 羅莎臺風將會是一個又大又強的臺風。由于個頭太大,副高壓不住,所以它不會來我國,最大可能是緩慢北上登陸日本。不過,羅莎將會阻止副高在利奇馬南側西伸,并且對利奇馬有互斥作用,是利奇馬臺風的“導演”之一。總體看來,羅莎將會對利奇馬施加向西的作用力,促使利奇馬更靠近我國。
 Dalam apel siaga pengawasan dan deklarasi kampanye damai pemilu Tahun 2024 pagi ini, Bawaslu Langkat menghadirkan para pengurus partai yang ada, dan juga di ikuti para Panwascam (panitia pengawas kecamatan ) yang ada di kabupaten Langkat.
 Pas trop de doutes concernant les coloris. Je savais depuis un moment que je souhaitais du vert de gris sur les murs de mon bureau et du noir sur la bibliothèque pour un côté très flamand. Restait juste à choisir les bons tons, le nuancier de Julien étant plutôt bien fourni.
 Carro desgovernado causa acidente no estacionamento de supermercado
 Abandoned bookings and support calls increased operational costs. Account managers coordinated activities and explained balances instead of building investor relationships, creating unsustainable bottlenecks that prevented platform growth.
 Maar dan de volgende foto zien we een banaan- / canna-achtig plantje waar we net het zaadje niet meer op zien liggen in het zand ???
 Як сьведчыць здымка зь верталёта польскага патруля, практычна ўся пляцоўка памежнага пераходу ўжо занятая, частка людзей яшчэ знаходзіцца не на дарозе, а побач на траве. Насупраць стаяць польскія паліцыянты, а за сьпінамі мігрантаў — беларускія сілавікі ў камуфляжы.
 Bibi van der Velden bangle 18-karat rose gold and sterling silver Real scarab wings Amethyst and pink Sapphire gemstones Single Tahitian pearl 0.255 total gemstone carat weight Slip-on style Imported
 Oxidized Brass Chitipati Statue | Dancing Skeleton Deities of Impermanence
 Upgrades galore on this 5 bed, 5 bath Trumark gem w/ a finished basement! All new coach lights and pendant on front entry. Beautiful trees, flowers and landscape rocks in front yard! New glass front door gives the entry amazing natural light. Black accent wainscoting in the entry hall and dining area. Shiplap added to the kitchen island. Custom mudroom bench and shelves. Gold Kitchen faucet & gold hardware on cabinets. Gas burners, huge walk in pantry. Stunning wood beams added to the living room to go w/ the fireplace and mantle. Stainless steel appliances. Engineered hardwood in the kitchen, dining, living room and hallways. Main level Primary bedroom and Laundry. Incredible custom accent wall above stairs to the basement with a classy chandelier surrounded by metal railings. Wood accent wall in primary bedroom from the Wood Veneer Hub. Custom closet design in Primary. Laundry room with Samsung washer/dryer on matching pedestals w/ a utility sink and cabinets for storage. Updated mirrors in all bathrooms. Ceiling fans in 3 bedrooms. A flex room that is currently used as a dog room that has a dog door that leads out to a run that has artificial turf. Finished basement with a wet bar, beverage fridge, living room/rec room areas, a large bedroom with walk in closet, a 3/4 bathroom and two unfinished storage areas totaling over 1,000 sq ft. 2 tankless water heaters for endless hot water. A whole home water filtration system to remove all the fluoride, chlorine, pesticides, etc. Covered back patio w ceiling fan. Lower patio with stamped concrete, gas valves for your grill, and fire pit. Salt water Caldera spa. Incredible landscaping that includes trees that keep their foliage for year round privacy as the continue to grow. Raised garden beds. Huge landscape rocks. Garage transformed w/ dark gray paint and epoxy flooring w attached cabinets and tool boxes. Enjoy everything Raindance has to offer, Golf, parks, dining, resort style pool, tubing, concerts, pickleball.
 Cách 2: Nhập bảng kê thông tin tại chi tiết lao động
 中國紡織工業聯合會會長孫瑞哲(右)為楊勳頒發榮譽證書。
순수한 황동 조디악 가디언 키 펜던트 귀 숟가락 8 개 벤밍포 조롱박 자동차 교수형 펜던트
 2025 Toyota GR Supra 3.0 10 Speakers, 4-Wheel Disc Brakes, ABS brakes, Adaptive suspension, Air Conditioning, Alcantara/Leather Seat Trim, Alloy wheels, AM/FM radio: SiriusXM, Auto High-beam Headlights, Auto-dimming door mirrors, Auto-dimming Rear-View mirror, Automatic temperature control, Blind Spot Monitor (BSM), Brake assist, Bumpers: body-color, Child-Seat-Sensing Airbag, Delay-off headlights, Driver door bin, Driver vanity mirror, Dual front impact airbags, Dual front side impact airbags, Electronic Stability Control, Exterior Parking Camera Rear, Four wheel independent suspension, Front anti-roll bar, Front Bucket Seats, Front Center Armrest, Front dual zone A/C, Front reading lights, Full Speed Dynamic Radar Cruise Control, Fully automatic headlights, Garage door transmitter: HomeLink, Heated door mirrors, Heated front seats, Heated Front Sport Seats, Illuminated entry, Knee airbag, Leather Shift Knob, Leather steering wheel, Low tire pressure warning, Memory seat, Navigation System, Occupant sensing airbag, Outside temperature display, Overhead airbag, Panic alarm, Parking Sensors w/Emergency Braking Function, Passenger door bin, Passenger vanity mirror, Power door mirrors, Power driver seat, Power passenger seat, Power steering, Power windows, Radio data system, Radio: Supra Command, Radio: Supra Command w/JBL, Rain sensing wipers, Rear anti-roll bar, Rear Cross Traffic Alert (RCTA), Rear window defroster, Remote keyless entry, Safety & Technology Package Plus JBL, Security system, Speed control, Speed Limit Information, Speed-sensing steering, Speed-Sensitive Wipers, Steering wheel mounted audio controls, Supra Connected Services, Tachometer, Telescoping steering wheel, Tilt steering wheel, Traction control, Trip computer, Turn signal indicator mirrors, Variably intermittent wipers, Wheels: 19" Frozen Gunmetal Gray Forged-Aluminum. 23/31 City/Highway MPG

Exercise objective:
Which lines above run from the one containing "Pas trop de" down to the one containing "Oxidized Brass Chitipati"? Repeat exactly those, both ends included, and nothing else.

Exercise answer:
 Pas trop de doutes concernant les coloris. Je savais depuis un moment que je souhaitais du vert de gris sur les murs de mon bureau et du noir sur la bibliothèque pour un côté très flamand. Restait juste à choisir les bons tons, le nuancier de Julien étant plutôt bien fourni.
 Carro desgovernado causa acidente no estacionamento de supermercado
 Abandoned bookings and support calls increased operational costs. Account managers coordinated activities and explained balances instead of building investor relationships, creating unsustainable bottlenecks that prevented platform growth.
 Maar dan de volgende foto zien we een banaan- / canna-achtig plantje waar we net het zaadje niet meer op zien liggen in het zand ???
 Як сьведчыць здымка зь верталёта польскага патруля, практычна ўся пляцоўка памежнага пераходу ўжо занятая, частка людзей яшчэ знаходзіцца не на дарозе, а побач на траве. Насупраць стаяць польскія паліцыянты, а за сьпінамі мігрантаў — беларускія сілавікі ў камуфляжы.
 Bibi van der Velden bangle 18-karat rose gold and sterling silver Real scarab wings Amethyst and pink Sapphire gemstones Single Tahitian pearl 0.255 total gemstone carat weight Slip-on style Imported
 Oxidized Brass Chitipati Statue | Dancing Skeleton Deities of Impermanence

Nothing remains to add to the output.